Corridors based on Alberta's major rivers did not link up in a meaningful way with the spatial distribution of reserves generated by Marxan (Fig. 4). If the river corridors were forced into the model they dominated the reserve designs, resulting in a largely linear reserve system (Fig. 5). Moreover, the opportunity cost of the reserve system increased by more than ten times (with a 20% representation target).
Model includes a 20% representation target and minimization of NPV and linear feature density. The penalty on boundary length is at its maximum and river corridors are forced into the model.
When conservation planning was conducted independently for each planning region the opportunity cost of the total reserve system was up to 4.1 times higher than for comparable scenarios run at the provincial scale (Fig. 6). The cost differential increased with the level of the representation target (Fig. 6). Regional-scale planning also affected the distribution of reserves. Most notably, much of the Dry Mixedwood Subregion target was achieved adjacent to privately owned agricultural lands instead of relatively intact forests in northwestern Alberta. In addition, the reserves were generally smaller and more widely dispersed (Fig. 7).
Cost is expressed as a percentage of the NPV of the entire study area at two levels of representation target.
The model includes a 20% representation target, minimization of NPV and linear feature density, and maximal penalty on boundary length. Planning regions are outlined in blue.
Discussion
The high economic value and wide distribution of Alberta's resources might suggest that little opportunity exists for expansion of the province's system of protected areas. The economic opportunity costs of additional protection are indeed consequential if expressed in terms of the raw value of resources contained within the Marxan reserves. However, if the objective of land-use planning is to achieve a balance between economic and environmental objectives, as it is with the Alberta Land-Use Framework, then raw costs are not a sufficient basis for decision making. A better assessment of the societal trade-offs involved in establishing protected areas can be obtained by expressing the opportunity cost of protection as a percentage of the total value of resources in the planning area. Using this approach we found that the proportion of our study area that is protected could be increased from the current 14.8% to over 30% while maintaining access to more than 97% of the value of the region's resources. It would be hard to argue that this does not represent a reasonable balance from an economic perspective, regardless of what the absolute cost might be.

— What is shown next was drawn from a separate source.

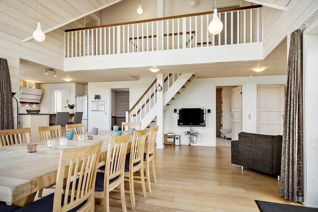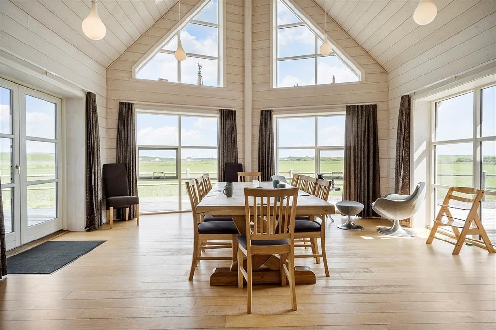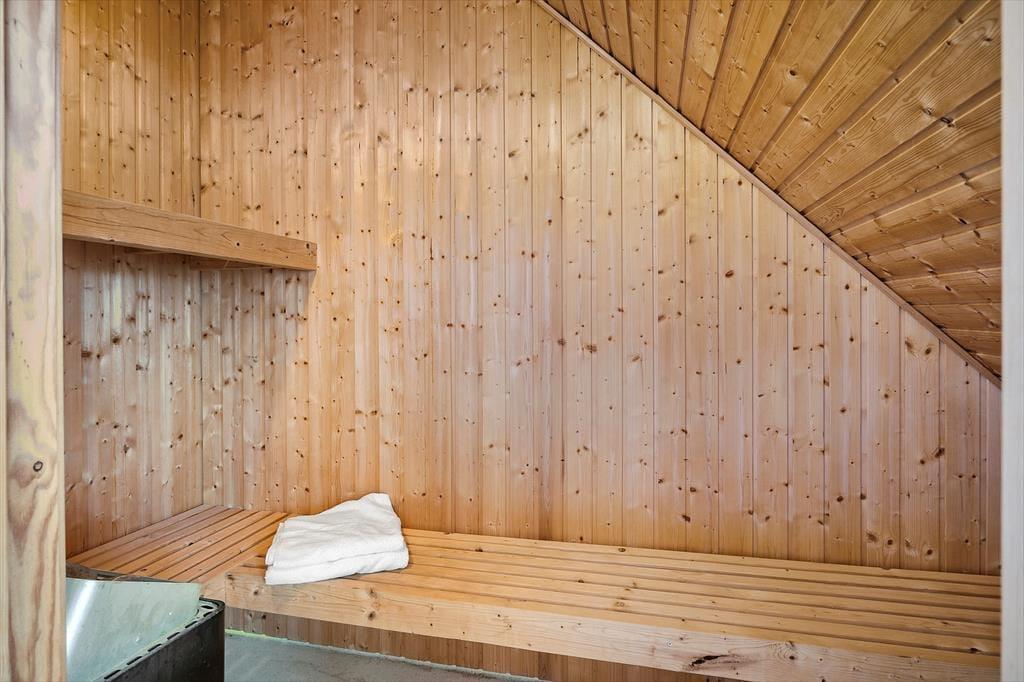 Indendørs venter et hyggeligt og rummeligt sommerhus, hvor det solide træværk skaber en varm og autentisk atmosfære. Det store opholdsrum binder stue, spisestue og køkken sammen i ét, og fra de store vinduespartier kan du nyde den imponerende udsigt over Ferring Sø, som giver en særlig ro og fornemmelse af at være tæt på naturen – selv når du er indendørs. Efter en dag fyldt med aktiviteter er det skønt at kunne koble af i det indendørs spabad, mens børnene leger videre eller hviler sig. Og for dig, der trænger til endnu mere afslapning, står saunaen klar til at lune kroppen efter en lang gåtur ved havet. Sommerhuset egner sig rigtig godt til to familier eller en stor vennegruppe, og har du hund, er den også mere end velkommen her.

The reason for this favourable outcome is that the distribution of resource values is highly variable across our study area. Optimization techniques are particularly effective in minimizing the cost of conservation solutions when variance of the cost layer is high [2], [4], [6]. In our case the highly valuable oil sands deposits are responsible for much of the variation in resource values. This being the case, the oil sands could be considered an enabling factor for conservation in Alberta, not a barrier. In practical terms, the establishment of an intensive industry zone in the oil sands region, where economic development is assigned top priority, could generate sufficient economic returns to the province to adequately offset the opportunity costs of protection in other areas. That said, other environmental concerns related to the oil sands, such as greenhouse gas emissions, water usage, pollution, and eventual reclamation would still need to be addressed.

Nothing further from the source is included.